■ **PROBLEM TO WORK ON**:
Exclude the images and repeat all remaining entries exactly.

Records contained in a dataset:
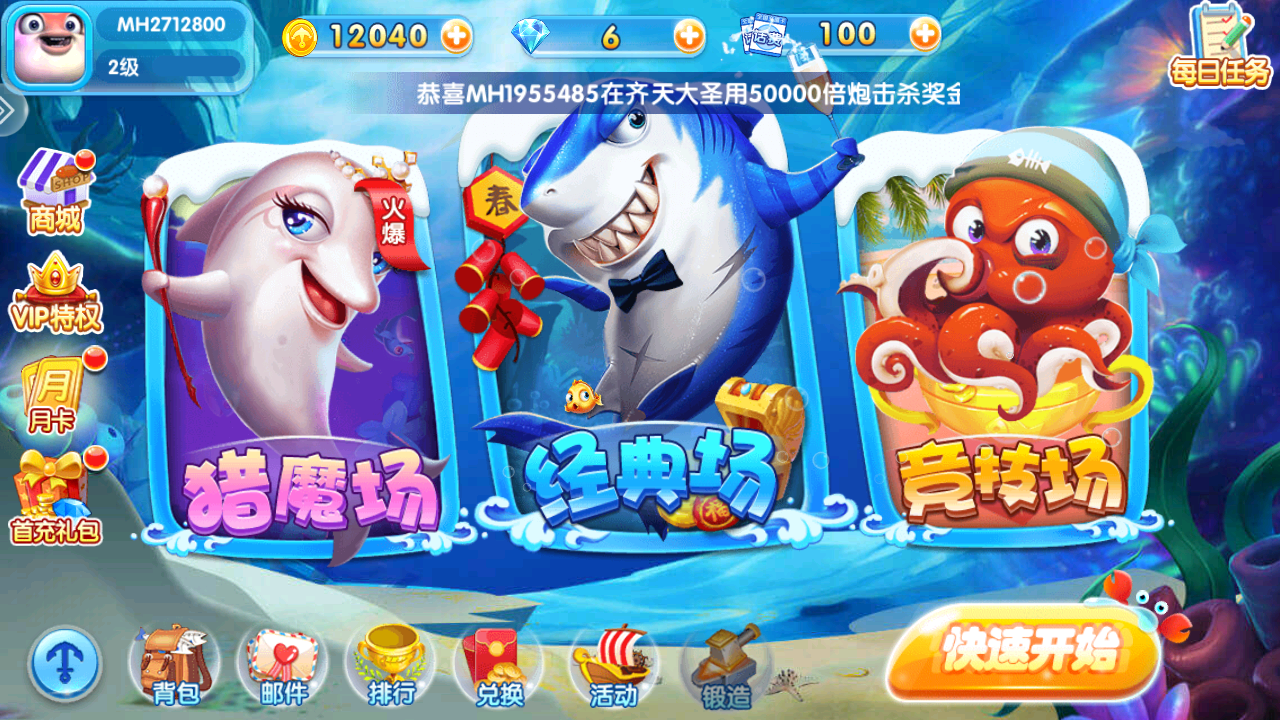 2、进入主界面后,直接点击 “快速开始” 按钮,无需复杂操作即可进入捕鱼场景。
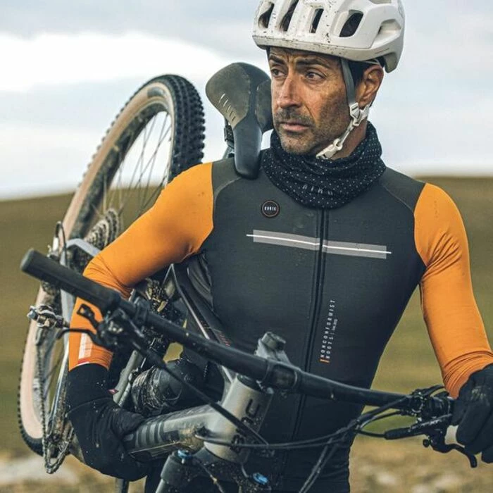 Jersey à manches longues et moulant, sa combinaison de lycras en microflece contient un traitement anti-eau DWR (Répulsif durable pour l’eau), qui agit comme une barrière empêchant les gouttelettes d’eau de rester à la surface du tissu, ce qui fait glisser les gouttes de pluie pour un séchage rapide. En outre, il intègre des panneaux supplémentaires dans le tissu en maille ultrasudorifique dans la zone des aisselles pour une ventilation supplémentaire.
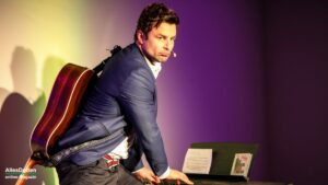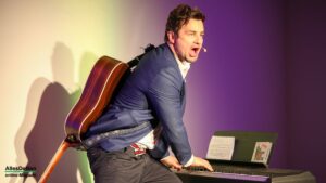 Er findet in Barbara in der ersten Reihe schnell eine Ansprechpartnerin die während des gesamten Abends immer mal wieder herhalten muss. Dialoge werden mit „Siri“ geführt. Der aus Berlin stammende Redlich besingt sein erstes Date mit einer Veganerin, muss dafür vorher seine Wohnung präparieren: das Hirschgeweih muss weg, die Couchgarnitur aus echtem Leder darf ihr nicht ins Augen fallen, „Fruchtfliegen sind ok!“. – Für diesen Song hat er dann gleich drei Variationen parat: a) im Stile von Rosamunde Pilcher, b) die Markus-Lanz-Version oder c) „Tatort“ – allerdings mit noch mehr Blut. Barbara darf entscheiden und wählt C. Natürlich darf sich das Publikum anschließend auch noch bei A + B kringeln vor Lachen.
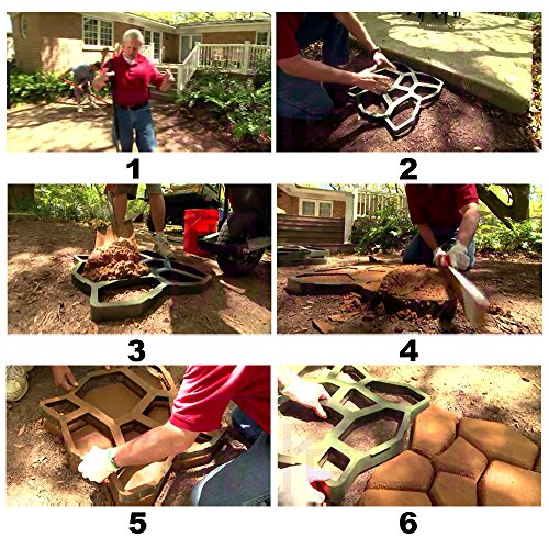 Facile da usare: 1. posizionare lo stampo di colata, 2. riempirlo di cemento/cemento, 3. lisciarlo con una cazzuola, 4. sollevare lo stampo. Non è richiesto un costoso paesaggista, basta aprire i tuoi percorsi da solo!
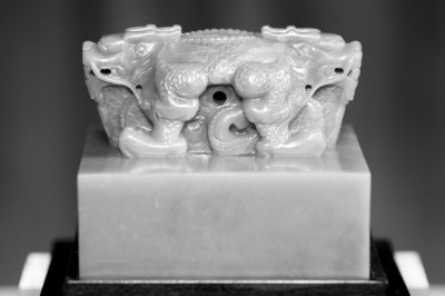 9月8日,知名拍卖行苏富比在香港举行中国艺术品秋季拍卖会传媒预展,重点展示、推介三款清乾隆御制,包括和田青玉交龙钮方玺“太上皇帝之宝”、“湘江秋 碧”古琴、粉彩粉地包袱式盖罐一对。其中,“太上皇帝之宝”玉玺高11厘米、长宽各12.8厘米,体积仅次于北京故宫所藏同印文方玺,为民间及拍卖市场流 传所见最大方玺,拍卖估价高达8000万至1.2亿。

■ **YOUR RESPONSE**:
 2、进入主界面后,直接点击 “快速开始” 按钮,无需复杂操作即可进入捕鱼场景。
 Jersey à manches longues et moulant, sa combinaison de lycras en microflece contient un traitement anti-eau DWR (Répulsif durable pour l’eau), qui agit comme une barrière empêchant les gouttelettes d’eau de rester à la surface du tissu, ce qui fait glisser les gouttes de pluie pour un séchage rapide. En outre, il intègre des panneaux supplémentaires dans le tissu en maille ultrasudorifique dans la zone des aisselles pour une ventilation supplémentaire.
 Er findet in Barbara in der ersten Reihe schnell eine Ansprechpartnerin die während des gesamten Abends immer mal wieder herhalten muss. Dialoge werden mit „Siri“ geführt. Der aus Berlin stammende Redlich besingt sein erstes Date mit einer Veganerin, muss dafür vorher seine Wohnung präparieren: das Hirschgeweih muss weg, die Couchgarnitur aus echtem Leder darf ihr nicht ins Augen fallen, „Fruchtfliegen sind ok!“. – Für diesen Song hat er dann gleich drei Variationen parat: a) im Stile von Rosamunde Pilcher, b) die Markus-Lanz-Version oder c) „Tatort“ – allerdings mit noch mehr Blut. Barbara darf entscheiden und wählt C. Natürlich darf sich das Publikum anschließend auch noch bei A + B kringeln vor Lachen.
 Facile da usare: 1. posizionare lo stampo di colata, 2. riempirlo di cemento/cemento, 3. lisciarlo con una cazzuola, 4. sollevare lo stampo. Non è richiesto un costoso paesaggista, basta aprire i tuoi percorsi da solo!
 9月8日,知名拍卖行苏富比在香港举行中国艺术品秋季拍卖会传媒预展,重点展示、推介三款清乾隆御制,包括和田青玉交龙钮方玺“太上皇帝之宝”、“湘江秋 碧”古琴、粉彩粉地包袱式盖罐一对。其中,“太上皇帝之宝”玉玺高11厘米、长宽各12.8厘米,体积仅次于北京故宫所藏同印文方玺,为民间及拍卖市场流 传所见最大方玺,拍卖估价高达8000万至1.2亿。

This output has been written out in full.